Hello, I ran into this problem with the GHC API (GHC 6.8.1 Second Release Candidate) upon doing: session <- GHC.newSession (Just path) I run into: yi: Can't find package.conf as /home/jp/usr//lib/ghc-6.8.0.20071019 /driver/package.conf.inplace Digging into this, I found the "SysTool.lhs" file, which basically says "big hack". I'm not sure if this is a bug or if I'm abusing the GHC API. Anyway, any sort of help would be appreciated. Cheers, JP.

Hi, On Wed, Oct 24, 2007 at 09:28:51AM +0200, Jean-Philippe Bernardy wrote:
I ran into this problem with the GHC API (GHC 6.8.1 Second Release Candidate)
upon doing:
session <- GHC.newSession (Just path)
I run into:
yi: Can't find package.conf as /home/jp/usr//lib/ghc-6.8.0.20071019 /driver/package.conf.inplace
Thanks for the report; however, I can't reproduce this. Can you give complete reproduction instructions please, including whether you are using a bindist or compiling GHC yourself, and which platform you are on?

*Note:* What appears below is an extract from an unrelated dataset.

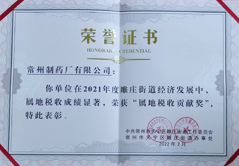 天寧區(qū)街道頒發(fā)重大貢獻(xiàn)獎(jiǎng)
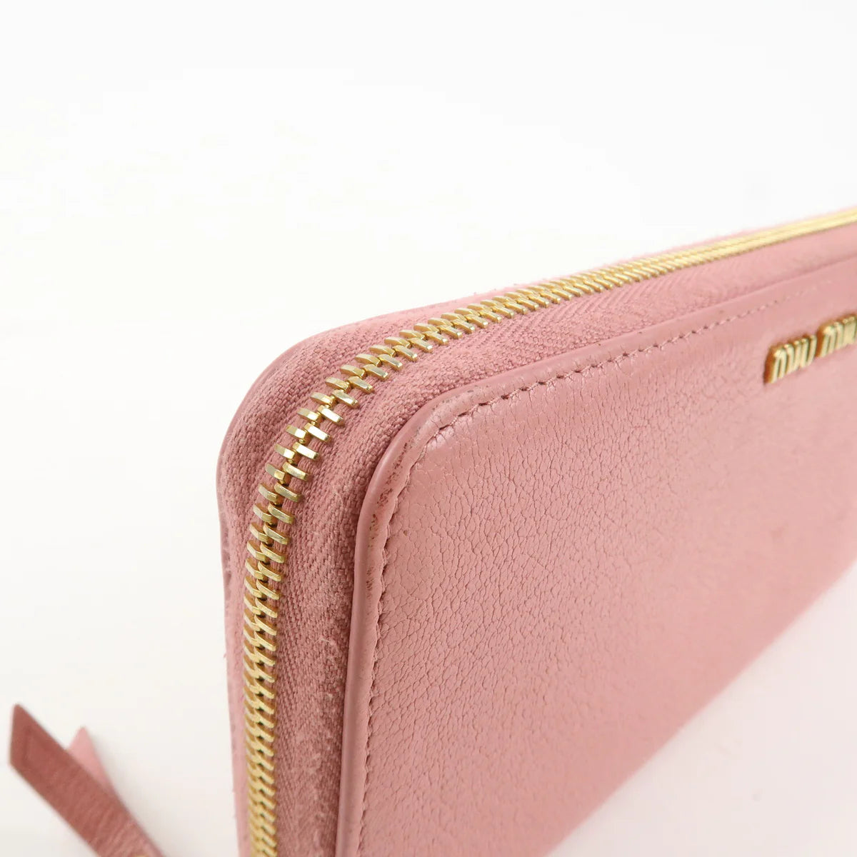 Portefeuille long zippé en cuir de veau grainé rose, bijouterie dorée

Thanks Ian

Hi
On 10/24/07, Ian Lynagh
Hi,
On Wed, Oct 24, 2007 at 09:28:51AM +0200, Jean-Philippe Bernardy wrote:
I ran into this problem with the GHC API (GHC 6.8.1 Second Release Candidate)
upon doing:
session <- GHC.newSession (Just path)
I run into:
yi: Can't find package.conf as /home/jp/usr//lib/ghc-6.8.0.20071019 /driver/package.conf.inplace
Thanks for the report; however, I can't reproduce this.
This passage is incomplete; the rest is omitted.